--- Task statement ---
The answer must give back every line of the data exactly, with no pictures.

----

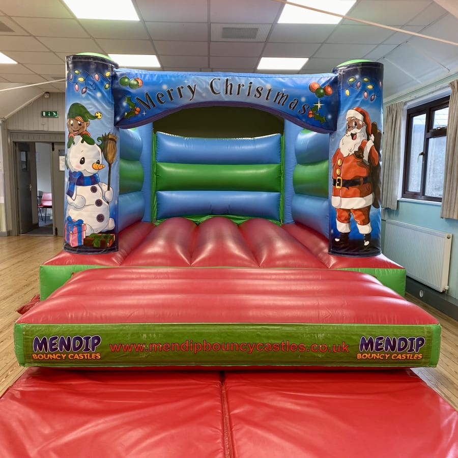 Our Low Height 'Christmas' H-frame bouncy castle is a smashing bouncy castle which the kids have lots of fun on and is perfect for most sized gardens. This castle is popular for childrens parties and school events across the Mendips, and with its superb digital printed artwork in a colourful 'Christmas' theme and bright colours it is suitable for both boys & girls up to 1.3 metres in height. This castle also fits into most of the local village halls with it's lower height of 7ft 9in.
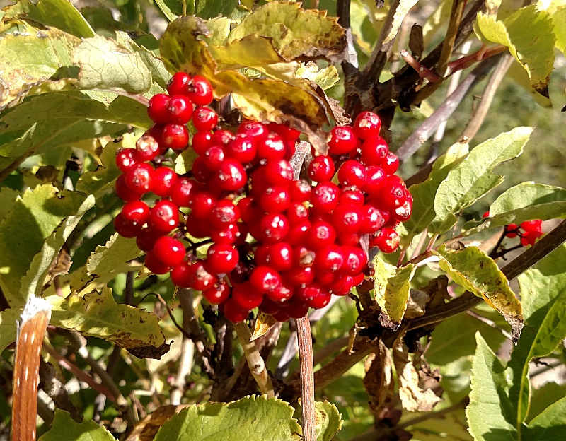 Just above Ouzel Lake the trail passes through some talus and with no trees there, it’s an ideal place for raspberries. There are a number of stretches where raspberries grow in abundance. I couldn’t resist tasting a few. The berries may have been small, but they were delicious. The leaves were starting to turn dark, and there were no immature berries. The plants are much smaller than the ones in my back yard. But the weight of fruit as a percentage of the total weight of the plant is much higher. These little plants were densely covered with the sweet little tasty morsels.
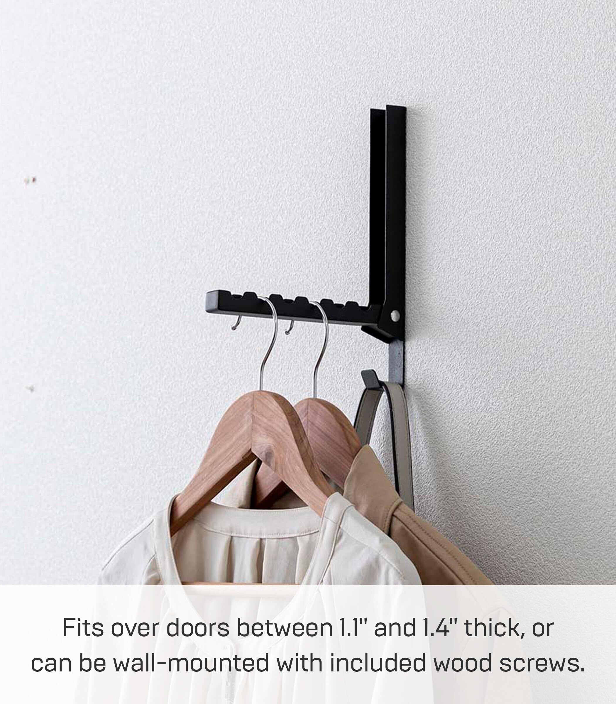 山崎実業(Yamazaki) 使わない時は収納できる ドアハンガー ブラック 約W2XD20.5XH23.5cm(使用時) タワー 折り畳み スッキリ収納 簡単設置 5515
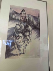 Framed Sled Dog Team Lithograph
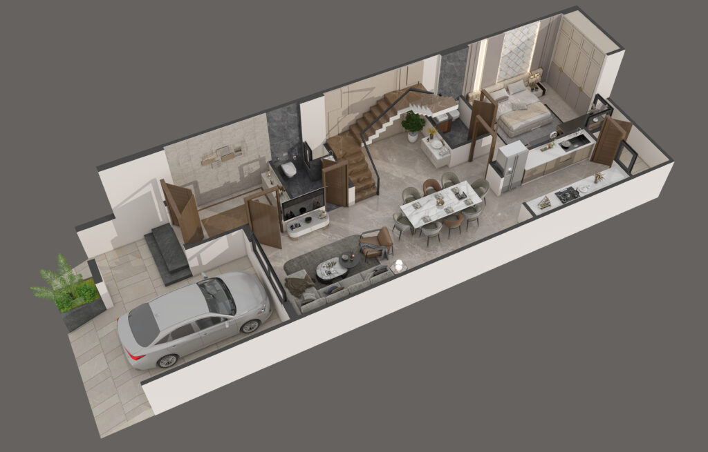The design of villas focuses on spatial harmony and ventilation. Every square inch is optimized to ensure a seamless flow between indoor living and outdoor spaces. Large floor-to-ceiling windows maximize natural light.

----

--- Solution below ---
 Our Low Height 'Christmas' H-frame bouncy castle is a smashing bouncy castle which the kids have lots of fun on and is perfect for most sized gardens. This castle is popular for childrens parties and school events across the Mendips, and with its superb digital printed artwork in a colourful 'Christmas' theme and bright colours it is suitable for both boys & girls up to 1.3 metres in height. This castle also fits into most of the local village halls with it's lower height of 7ft 9in.
 Just above Ouzel Lake the trail passes through some talus and with no trees there, it’s an ideal place for raspberries. There are a number of stretches where raspberries grow in abundance. I couldn’t resist tasting a few. The berries may have been small, but they were delicious. The leaves were starting to turn dark, and there were no immature berries. The plants are much smaller than the ones in my back yard. But the weight of fruit as a percentage of the total weight of the plant is much higher. These little plants were densely covered with the sweet little tasty morsels.
 山崎実業(Yamazaki) 使わない時は収納できる ドアハンガー ブラック 約W2XD20.5XH23.5cm(使用時) タワー 折り畳み スッキリ収納 簡単設置 5515
 Framed Sled Dog Team Lithograph
The design of villas focuses on spatial harmony and ventilation. Every square inch is optimized to ensure a seamless flow between indoor living and outdoor spaces. Large floor-to-ceiling windows maximize natural light.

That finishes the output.